No. This vulnerability is specific to the mlx4 RDMA driver, which is only present and active on systems with Mellanox InfiniBand adapters or compatible RDMA hardware. Standard Ethernet-only systems are not affected.

Can this be exploited remotely over the network?

No. Exploitation requires local code execution (unprivileged user access) on the target system. An attacker cannot trigger this vulnerability remotely; they must have a shell or user account on the affected machine.

What is the risk if I cannot patch immediately?

In single-user or non-shared systems, risk is lower if local users are trusted. In multi-tenant environments (shared HPC clusters, cloud VMs, containers), restrict RDMA access, disable the mlx4 module if unused, or isolate RDMA workloads to trusted processes while awaiting patches.

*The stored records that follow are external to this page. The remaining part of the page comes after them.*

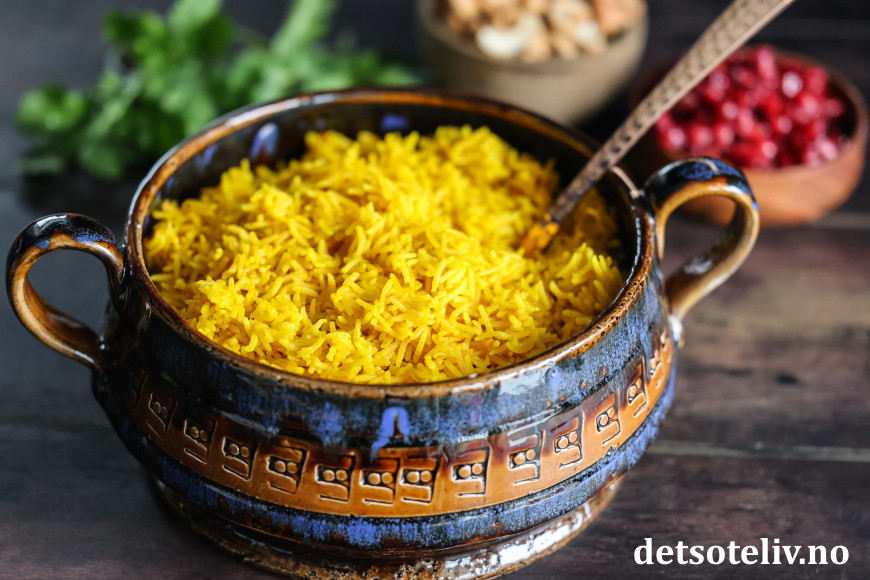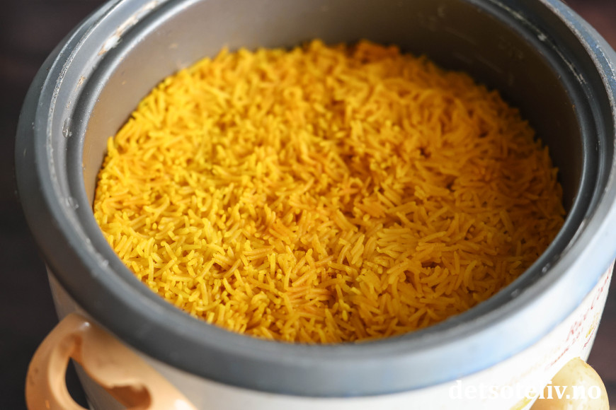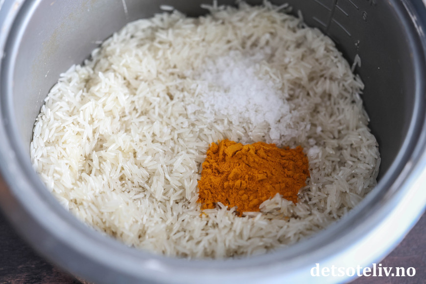 Ha ris, olje, salt og gurkemeie i en riskoker (eller kjele hvis du bruker det).
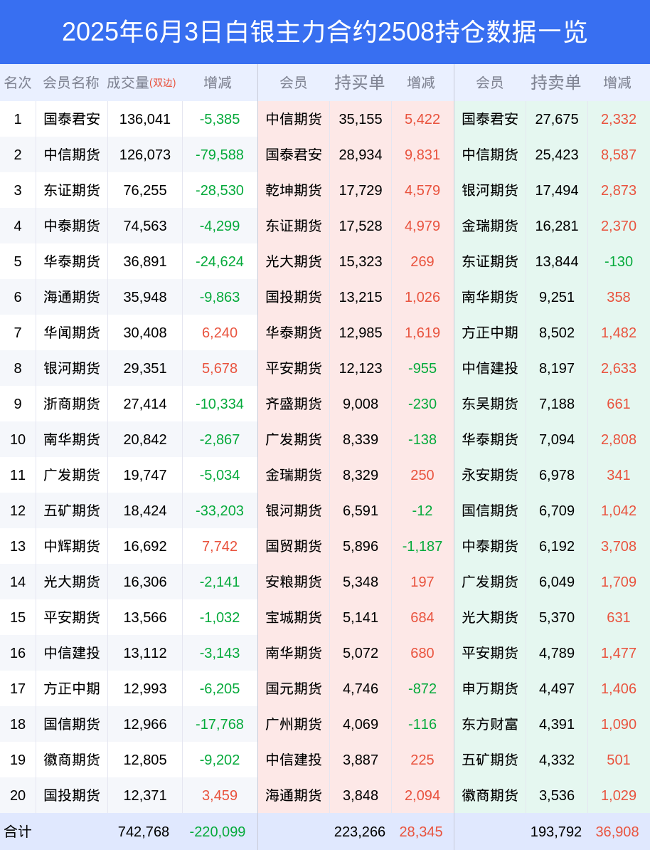 新浪期货 根据交易所数据,截至6月03日收盘主力合约白银2508,涨跌+2.85%,成交量54.76万手,持仓数据显示前20席位呈现净多,差额头寸为29474手。
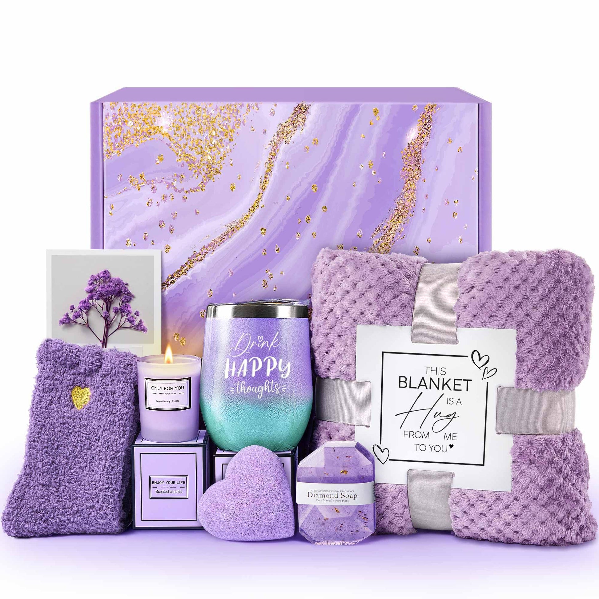 - ๐ธ Relaxing Spa Gift Basket for Women: The Lavender scented candle, made with pure plant essential oil and 100% natural soy wax, is non-toxic and burns smokelessly and evenly. The 'Drink Happy Thoughts' print on the wine tumbler shows your best wishes. Along with lavender-scented bath bombs, they provide a luxurious and relaxing bath experience that soothes the mind and relaxes the body
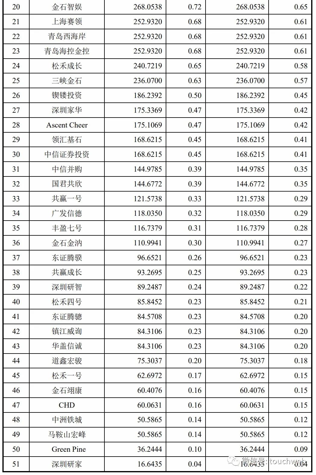鈦信一期持股為1.31%,平陽鈦瑞持股為1.27%,HH SPR-XIV持股為1.22%,豐盈六號持股為1.09%,鼎鋒華禪持股為1.05%,西藏家華持股為0.88%,上海賽薈持股為0.84%,領譽基石持股為0.82%,紅華一號持股為0.65%,金石智娛持股為0.65%;
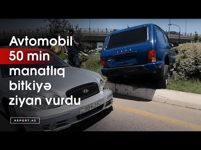 Bakıda qəza - avtomobil 50 min manatlıq bitkiyə ziyan vurdu - VİDEO
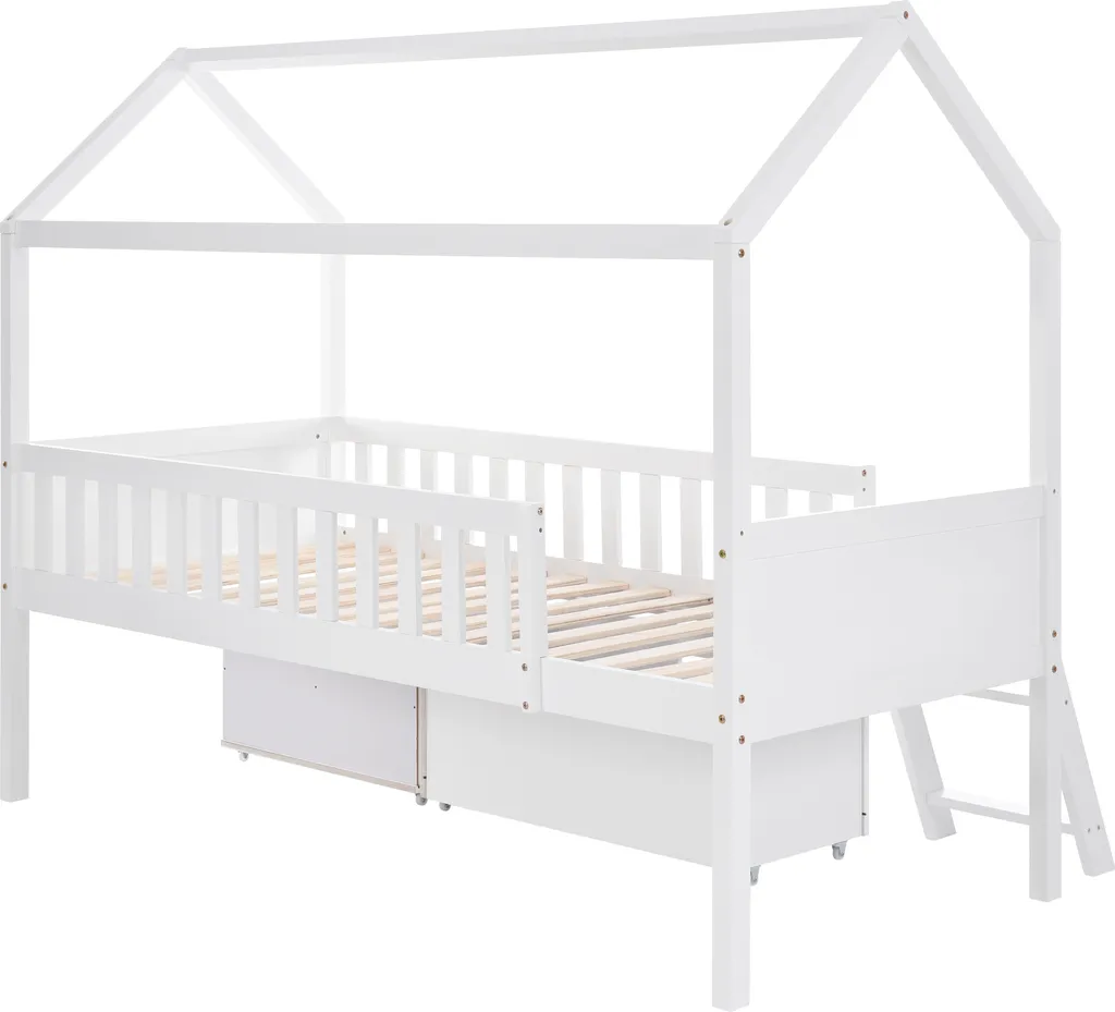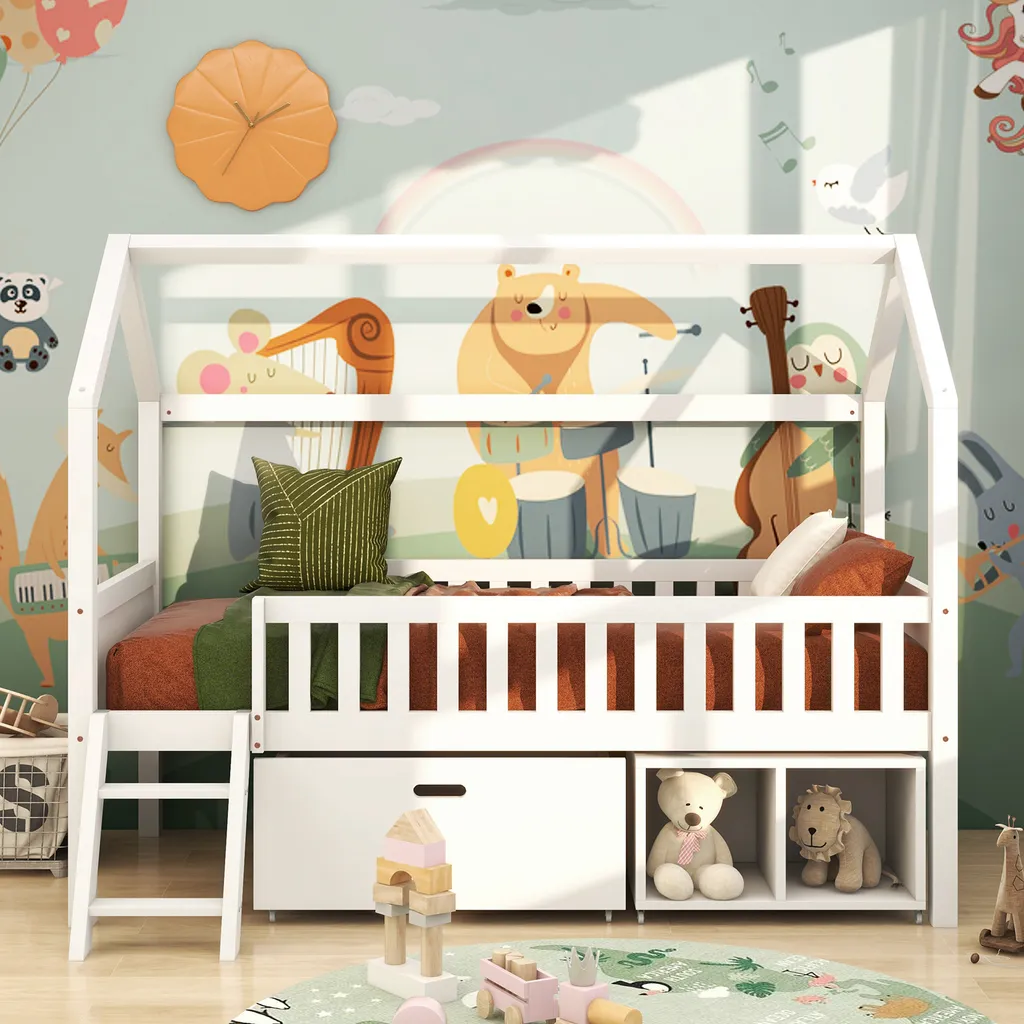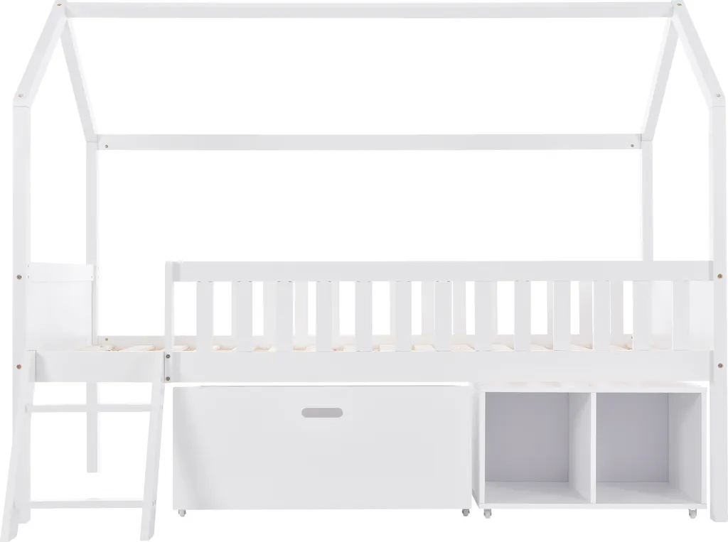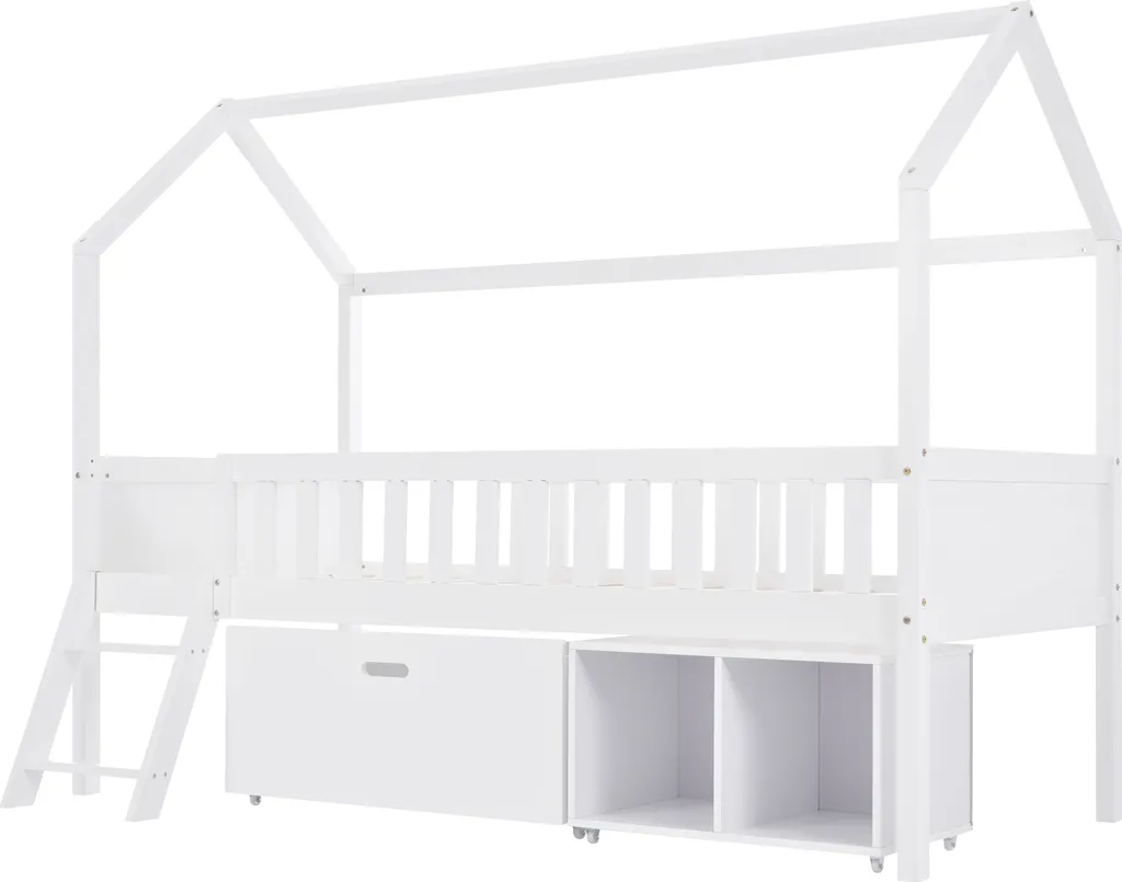Dieses Kinderbett mit kleiner Treppe und Stauraum ist einfach und macht Spaß,Das Design der Treppe befriedigt den Spaß am Kinderklettern,Unter dem Bett befindet sich eine große Schublade und ein Schrank mit Fächern zur einfachen Aufbewahrung von Kindersachen,Neben Funktionalität und Spaß steht bei dem Produkt auch die Benutzersicherheit im Vordergrund. Dieses Heimbett ist für Matratzen mit den Maßen 90 x 200 cm geeignet.
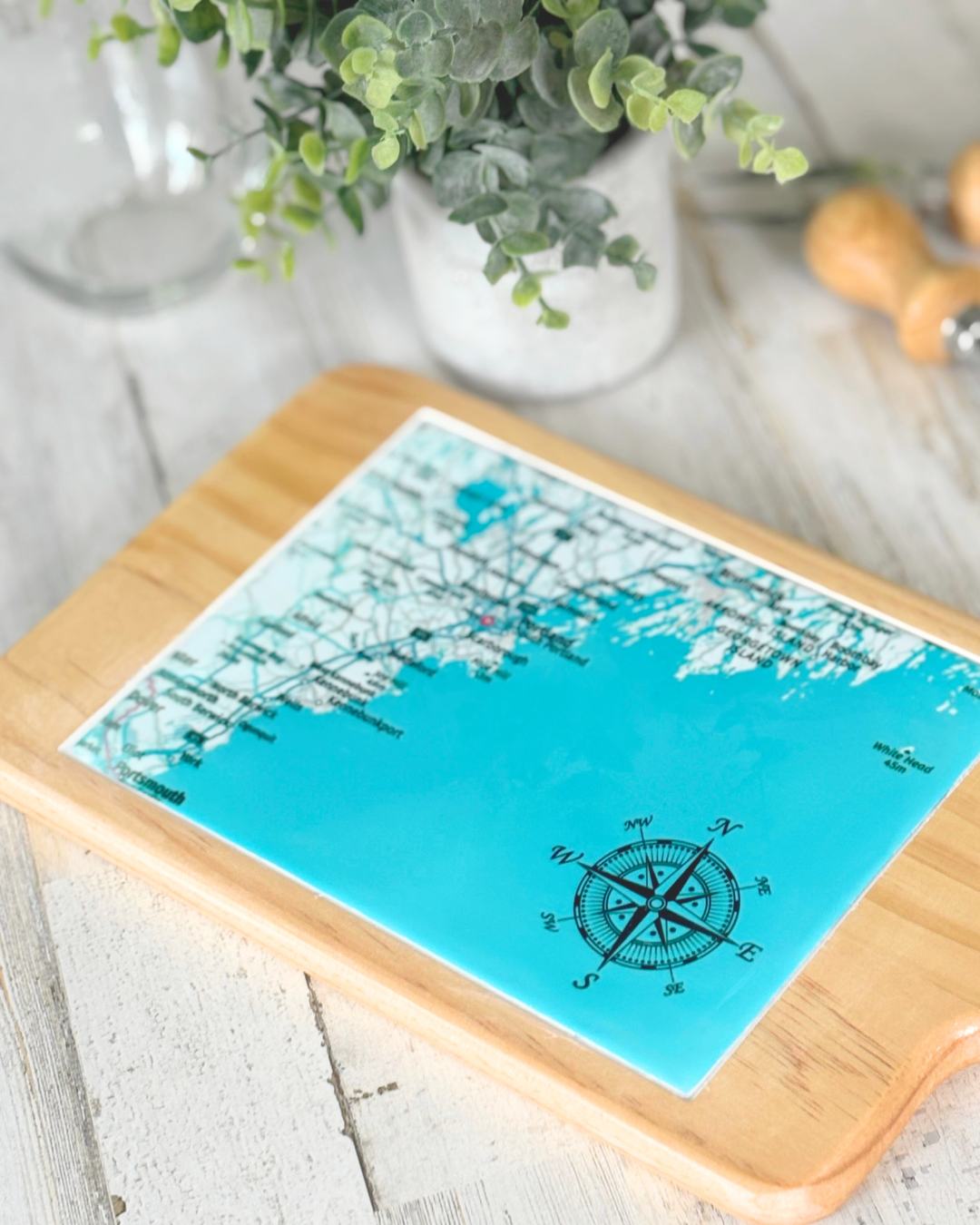 Bring a personal touch to your next wine and cheese night with this beautiful pinewood cheese board, featuring a custom map tile of your choice as the centerpiece. Whether you're showcasing your hometown, favorite vacation spot, or a place close to your heart, this board blends style, sentiment, and functionality all in one.

Why does this affect RDMA specifically?

RDMA hardware requires kernel-level event handlers to manage connection and transfer state asynchronously. The mlx4 driver's SRQ event handler was unsafe against partially initialized objects and timing races between initialization and event delivery—a problem endemic to early RDMA driver designs that has been progressively fixed across vendor implementations.

This analysis is based on public vulnerability data available as of the stated publication date. CVSS scores and patch details reflect information from kernel.org and associated vendor advisories at time of publication. Organizations should verify patch availability and compatibility with their specific kernel version and distribution before deployment. Testing in a non-production environment is strongly recommended. This writeup does not constitute legal or compliance advice; consult your organization's security and legal teams regarding deadline and regulatory obligations. Actual exploitability may vary based on kernel configuration, driver version, hardware, and workload characteristics. Source: NVD (public-domain), retrieved 2026-07-07. Analysis generated by SEC.co (claude-haiku-4-5).